How AI-based Testing Fits in Your Software Testing Maturity Model
AI-based testing offers a powerful boost to your software testing maturity model (TMM).
Understanding Your Software Testing Maturity Model
Software testing maturity models offer a roadmap for ongoing improvement in testing processes.
How artificial Intelligence (AI) and TMM can Work Together
By integrating AI-based testing techniques, organizations can supercharge their journey, achieving significant gains in efficiency, effectiveness, and automation.

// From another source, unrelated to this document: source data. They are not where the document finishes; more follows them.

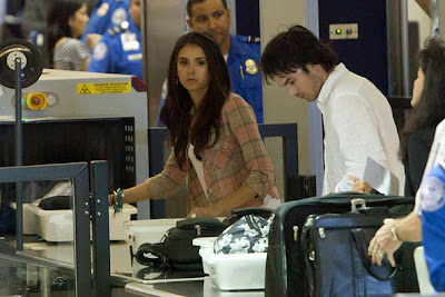 The "Vampire Diaries" co-stars smiled for photographers as they prepared to depart from LAX Airport.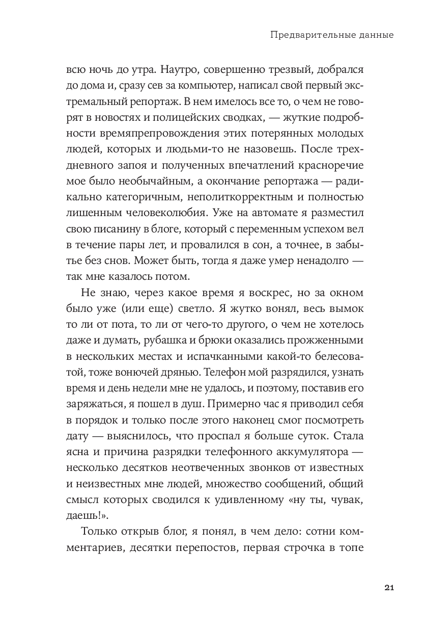 Читать книгу Алексея Решетуна – как слушать истории хорошего рассказчика, много повидавшего, но по-прежнему внимательно наблюдающего за происходящим вокруг. Судмедэксперт с более чем 20-летним стажем, автор популярного блога mossudmed и лауреат литературных премий пишет об удивительных поворотах человеческих судеб, становящихся под его пером притчами о людях и мире вокруг. Это сдержанная и точная проза, в которой частная биография автора становится поводом для разговора о жизни во всех ее проявлениях – иногда страшных, иногда трогательных, а порой очень смешных.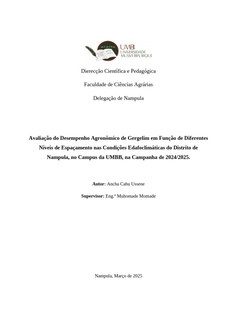 cultivo de gergelim nas condições edafoclimáticas locais, contribuindo para o desenvolvimento

Let’s Delve into the Advantages of Leveraging AI and ML within TMM Levels.
Level 1 – Initial
AI-based testing can automate repetitive processes such as test case generation and execution
Level 2 – Managed
At this stage, using AI-based testing methodologies offers a chance to advance testing procedures and promote ongoing development
Level 3 – Defined
In this phase, standardized testing procedures, metrics, and defect tracking are in place.
Level 4 – Measured
AI-based testing is used to analyze to identify trends, drive data-driven decision making, optimize resource allocation, and improve testing effectiveness.
Level 5 – Optimization
At this level, teams have an established continuous improvement, innovation, and excellence in testing practices.
Benefits of AI Testing at Every Stage in TMM
AI enables you to continuously improve your testing procedure, getting rid of redundancies and making sure your automation efforts are as productive as possible.
How Webomates can Help
When you need guaranteed test results quickly – and first-time right – Webomates delivers a cost-effective, fast, and accurate approach.